Foveavirus

Virus classification
- (unranked): Virus
- Realm: Riboviria
- Kingdom: Orthornavirae
- Phylum: Kitrinoviricota
- Class: Alsuviricetes
- Order: Tymovirales
- Family: Betaflexiviridae
- Subfamily: Quinvirinae
- Genus: Foveavirus

= Foveavirus =

Genus of viruses

Foveavirus is a genus of viruses in the order Tymovirales, in the family Betaflexiviridae. Plants serve as natural hosts. There are 13 species in this genus. Diseases associated with this genus include: mosaic and ringspot symptoms.

==Taxonomy==
The following species are assigned to the genus, listed by scientific name and followed by the exemplar virus of the species:
- Foveavirus alphavitis, Grapevine foveavirus A
- Foveavirus betavii, Cherry virus B
- Foveavirus duoasiaticum, Asian prunus virus 2
- Foveavirus latensarmeniacae, Apricot latent virus
- Foveavirus mali, Apple stem pitting virus
- Foveavirus mumeae, Prunus mume chlorotic leaf curl-associated virus
- Foveavirus persicae, Peach chlorotic mottle virus
- Foveavirus rupestris, Grapevine rupestris stem pitting-associated virus
- Foveavirus tafvitis, Grapevine virus T
- Foveavirus tetracamelliae, Camellia ringspot associated virus 4
- Foveavirus unasiaticum, Asian prunus virus 1
- Foveavirus unicanadense, Rubus canadensis virus 1
- Foveavirus unirubi, Rubus virus 1

==Structure==
Viruses in Foveavirus are non-enveloped, with flexuous and filamentous geometries. The diameter is around 12-13 nm. Genomes are linear, around 8.4-9.3kb in length. The genome codes for 5 proteins.

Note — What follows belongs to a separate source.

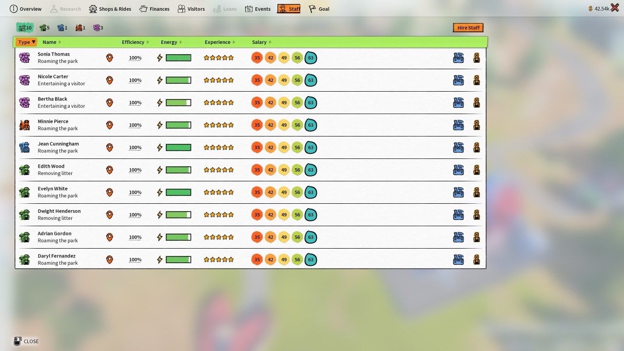 A látványvilágra szerintem nem lesz majd panasz, messziről egy szépen felépített park a nyüzsgő tömeggel, a villódzó attrakciókkal és az őrült hullámvasutakkal egészen pofás látványt nyújt. Közelebbről nézve pedig beleshetünk a bódékba, követhetjük a bámészkodó vendégeket, de akár fel is ülhetünk az attrakciókra vagy hullámvasutakra. De az időnk nagy részét nem ez, hanem a park menedzselése fogja lekötni. Nem elég attrakciókat telepíteni ide-oda, majd utakkal összekötni őket. Figyelni kell a vendégek igényeire, gondoskodni kell a park tisztaságáról, a vendégek etetéséről és itatásáról, illetve egyéb szükségleteik kielégítéséről is. Ehhez személyzetet kell felvenni, takarítókat, szerelőket, ápolókat. A játékban nem kapunk meg mindent azonnal, egy külön kutatási menüpontban fejleszthetjük ki a különféle épületeket és attrakciókat.

| Genus | Structure | Symmetry | Capsid | Genomic arrangement | Genomic segmentation |
|---|---|---|---|---|---|
| Foveavirus | Filamentous |  | Non-enveloped | Linear | Monopartite |

==Life cycle==
Viral replication is cytoplasmic, and is lysogenic. Entry into the host cell is achieved by penetration into the host cell. Replication follows the positive stranded RNA virus replication model. Positive stranded RNA virus transcription is the method of transcription. The virus exits the host cell by tripartite non-tubule guided viral movement. Plants serve as the natural host. Transmission routes are grafting.

| Genus | Host details | Tissue tropism | Entry details | Release details | Replication site | Assembly site | Transmission |
|---|---|---|---|---|---|---|---|
| Foveavirus | Plants | None | Viral movement; mechanical inoculation | Viral movement | Cytoplasm | Cytoplasm | Grafting |

==History==
Foveavirus was accepted as a genus in 1998. In 2004, it was assigned to the family Flexiviridae and reassigned to the family Betaflexiviridae in 2009. Within Betaflexiviridae, Foveavirus was assigned to the subfamily Quinvirinae in 2016.